◆ Data provided:
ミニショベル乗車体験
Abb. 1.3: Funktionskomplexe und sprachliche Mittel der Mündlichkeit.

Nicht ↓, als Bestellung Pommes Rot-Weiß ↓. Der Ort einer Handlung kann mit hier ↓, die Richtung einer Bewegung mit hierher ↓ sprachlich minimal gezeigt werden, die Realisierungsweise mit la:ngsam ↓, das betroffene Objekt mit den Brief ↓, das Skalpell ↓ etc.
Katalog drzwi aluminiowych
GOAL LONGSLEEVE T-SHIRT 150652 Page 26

...

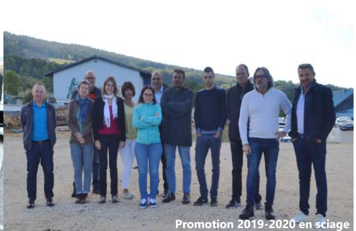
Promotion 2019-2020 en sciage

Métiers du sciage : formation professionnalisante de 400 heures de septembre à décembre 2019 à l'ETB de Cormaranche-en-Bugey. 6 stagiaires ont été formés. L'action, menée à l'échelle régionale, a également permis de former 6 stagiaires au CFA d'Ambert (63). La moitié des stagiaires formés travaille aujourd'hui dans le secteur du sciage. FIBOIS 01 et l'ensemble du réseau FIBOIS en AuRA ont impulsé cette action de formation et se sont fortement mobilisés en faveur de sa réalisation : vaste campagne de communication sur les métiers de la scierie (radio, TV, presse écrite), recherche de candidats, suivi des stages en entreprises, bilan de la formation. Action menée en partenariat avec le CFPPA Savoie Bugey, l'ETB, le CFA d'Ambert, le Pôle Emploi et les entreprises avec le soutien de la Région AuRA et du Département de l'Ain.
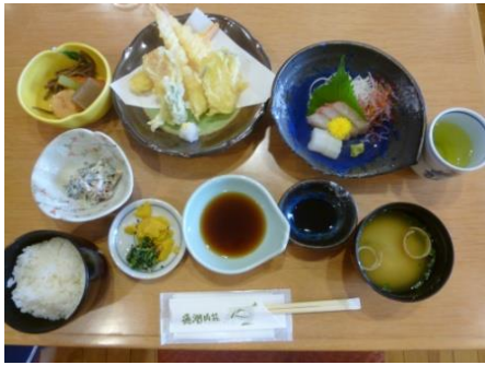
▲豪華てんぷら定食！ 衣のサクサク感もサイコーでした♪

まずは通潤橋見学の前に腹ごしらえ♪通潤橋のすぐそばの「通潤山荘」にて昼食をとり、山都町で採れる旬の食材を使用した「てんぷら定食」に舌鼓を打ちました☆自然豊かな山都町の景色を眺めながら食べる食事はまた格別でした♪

◆ Work request:
Everything from the line with "Métiers du sciage" down to the line with "まずは通潤橋見学の前に腹ごし" in the data above should be copied exactly, with both end lines kept and the pictures left out.

◆ Answer section:
Métiers du sciage : formation professionnalisante de 400 heures de septembre à décembre 2019 à l'ETB de Cormaranche-en-Bugey. 6 stagiaires ont été formés. L'action, menée à l'échelle régionale, a également permis de former 6 stagiaires au CFA d'Ambert (63). La moitié des stagiaires formés travaille aujourd'hui dans le secteur du sciage. FIBOIS 01 et l'ensemble du réseau FIBOIS en AuRA ont impulsé cette action de formation et se sont fortement mobilisés en faveur de sa réalisation : vaste campagne de communication sur les métiers de la scierie (radio, TV, presse écrite), recherche de candidats, suivi des stages en entreprises, bilan de la formation. Action menée en partenariat avec le CFPPA Savoie Bugey, l'ETB, le CFA d'Ambert, le Pôle Emploi et les entreprises avec le soutien de la Région AuRA et du Département de l'Ain.
▲豪華てんぷら定食！ 衣のサクサク感もサイコーでした♪

まずは通潤橋見学の前に腹ごしらえ♪通潤橋のすぐそばの「通潤山荘」にて昼食をとり、山都町で採れる旬の食材を使用した「てんぷら定食」に舌鼓を打ちました☆自然豊かな山都町の景色を眺めながら食べる食事はまた格別でした♪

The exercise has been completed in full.